第4話 11

 あの晩の宴会は、本当ににぎやかで楽しかった。


 結局、村の半分の家が取り壊されて広場が造られ、建材を燃やして大きな篝火がいくつも焚かれて。


 村の女衆だけじゃ手が足りないから、難民の女達も料理を手伝っていた。


 村の男衆が作った空き地に、難民の男達はテントを設置していき――食事の用意が整った頃には、村人と難民達の垣根はなくなっていたように思えた。


 あちこちで楽器が掻き鳴らされて、のど自慢達が曲に合わせて唄う。


 それにつられて、男女が手を取り合って踊りだし、老人や子供達が手を叩いて拍子を取った。


 王宮で開かれるような、きらびやかで洗練された宴ではない。


 振る舞われた料理だって、芋煮をスープに、メインはただ切り分けただけの肉や野菜にタレをつけて焼いただけの簡素なものだ。


 ――でもさ……


 あの晩に出された料理は、どんな宮中料理より旨く思えたし、参加したみんなも心から楽しんでいた。


 俺自身、ダグ先生やマチネ先生に促されるがままに、リディアを誘って――宮中舞踊と違うから恐ろしく無様だったが――慣れないダンスを楽しんだほどだ。


 領から続いた逃避行に疲れていたはずの難民達も、それまで続いた不安を振り払うように大いに呑み、食い、笑っていた。


 おかげで翌日は全員が二日酔いに見舞われ、村でまともに動けているのは、子供達と家畜だけとなってしまったくらいだ。


 いや、ババアも動けていたな。


 ババアはどんなに強い酒を呑もうと、手製の薬でいつだって翌日にはケロっとしてるんだ。


 そうしてババアは村の惨状を見かねて<人形ドールズ>達を喚び出し、村の隅にまたたく間に公衆浴場を造り上げやがったんだ。

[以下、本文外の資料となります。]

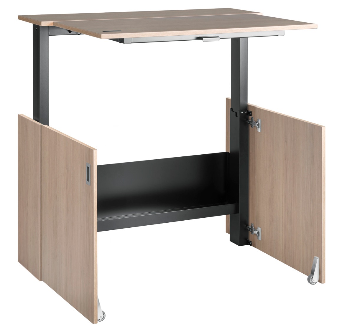 Die Verwandlung vom einfachen Schränkchen zum vollwertigen Arbeitsplatz geht schnell und einfach durch Öffnen der Türen und Hochklappen der Arbeitsplatte. In der Arbeitsplatte befindet sich die Bedienung der Höhenverstellung.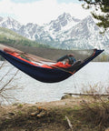 Mantis’s Dragonet™ is an integrated bugnet that zips into the hammock body from head to toe and offers complete protection fromany and all insects. Dragonet™ features built-in pockets to keep your phone, headlamp, and trail snacks close at hand, as well as a black mesh Stargazer™ panel that turns virtually transparent at night for an exceptional view of the night sky.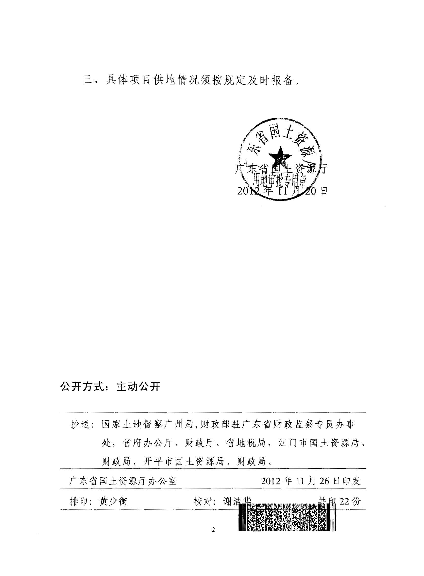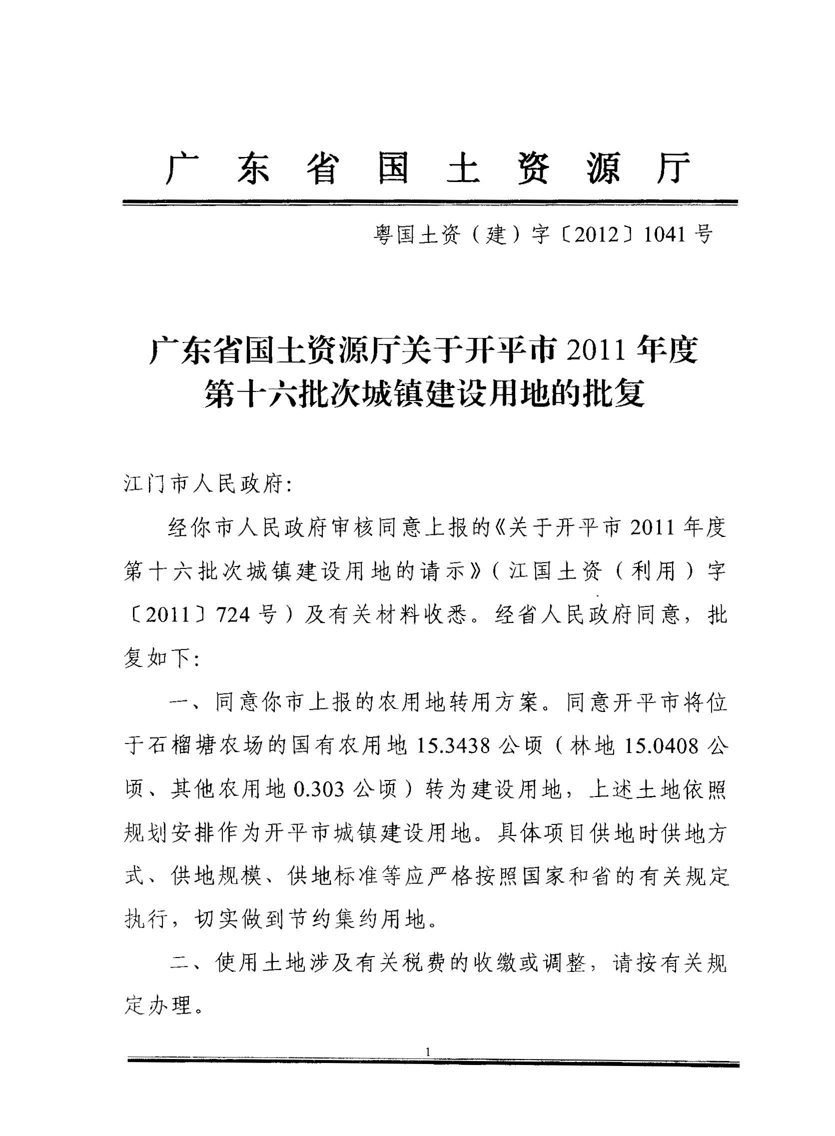 開平市2011年度第十六批次城鎮(zhèn)建設(shè)用地的批復(fù)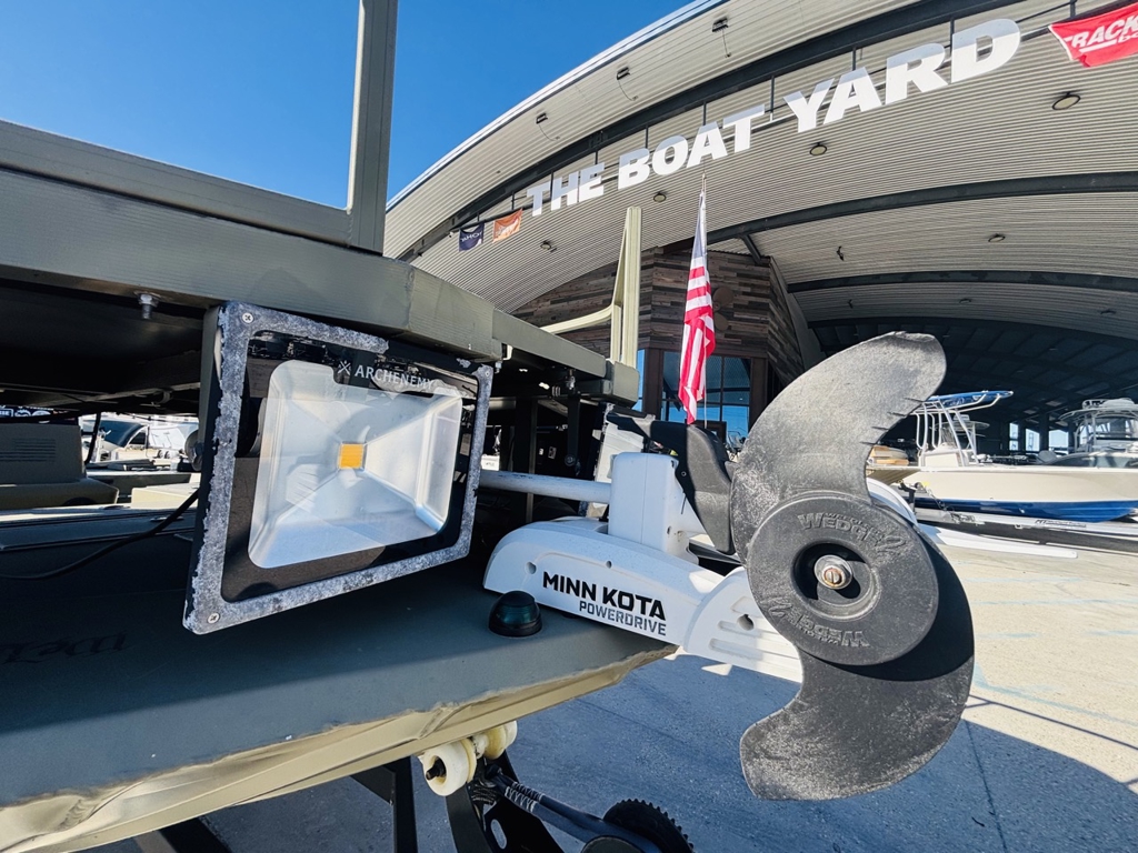 • Night Vision: Custom bow fish-and-hunt deck featuring 8 Archenemy Lights. It turns night into day for bowfishing or navigating treacherous timber.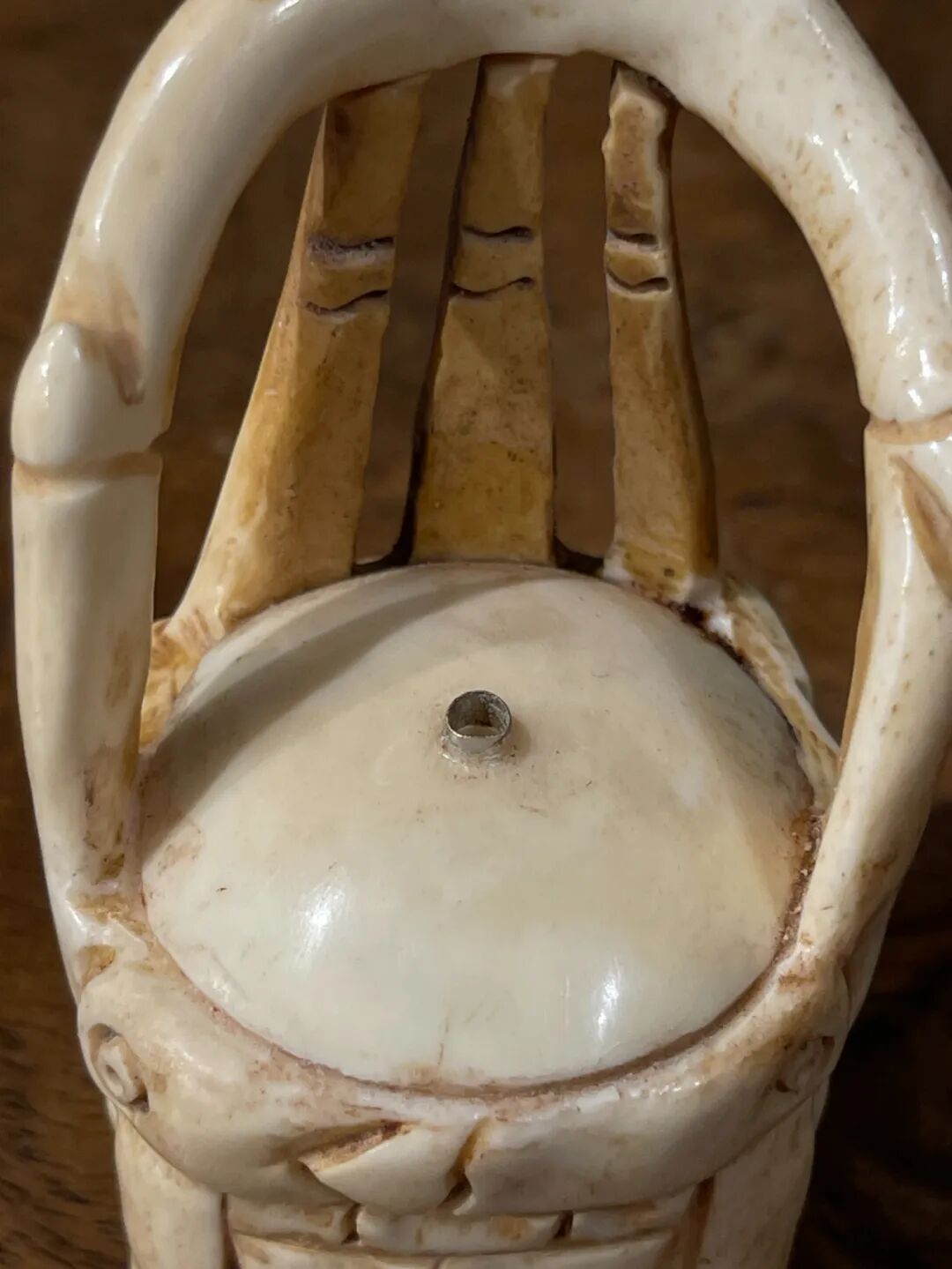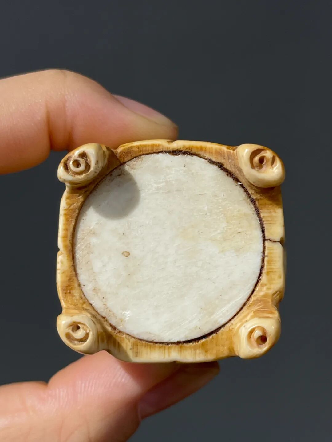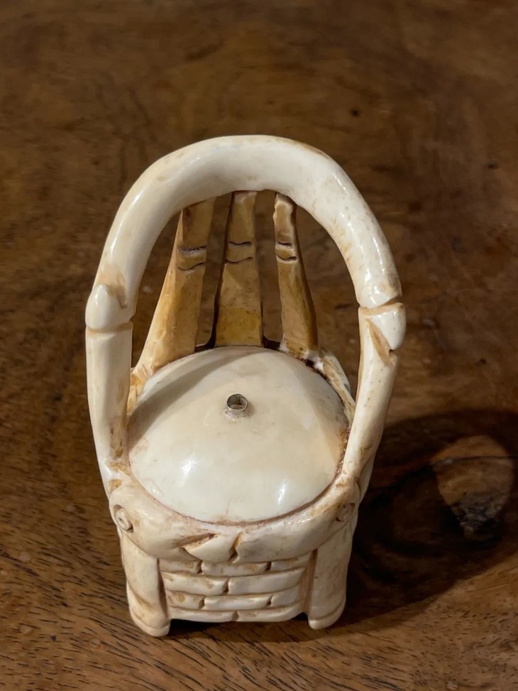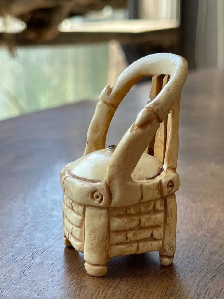 这是一件以天然牛骨镂空透雕而成的牛骨镂雕圈椅形香插,传统圈椅造形,设计精巧、做工精緻,椅子周身雕刻竹笋,寓意节节高升,椅面中间央镶嵌铜芯为插线香位置,是一件匠心独具的线香香插。

 慇懃無礼な口調の<人形ドールズ>達は、ぬいぐるみのような指のない丸い手をしているクセに、王都で工房を構えるような一流職人顔負けの器用さを持っていて、男女別でそれぞれ数百人が一度に入浴できる浴槽を複数用意しただけでなく、それらを囲った屋根付きの建物までをも数時間で建て切りやがった。


 瓦と呼ぶらしい焼き物の板を並べた屋根に、木造の風変わりなデザインの建築様式をしたその建物を、<人形ドールズ>達のリーダー、イゴウは――


 ――和風温泉型健康ランドを再現してやったです~。


 などと言っていたな。


 不意に出現した風変わりな建物に誰もが驚愕したのだが、それがババア――大賢者の仕業だとわかると、すぐに納得したようだった。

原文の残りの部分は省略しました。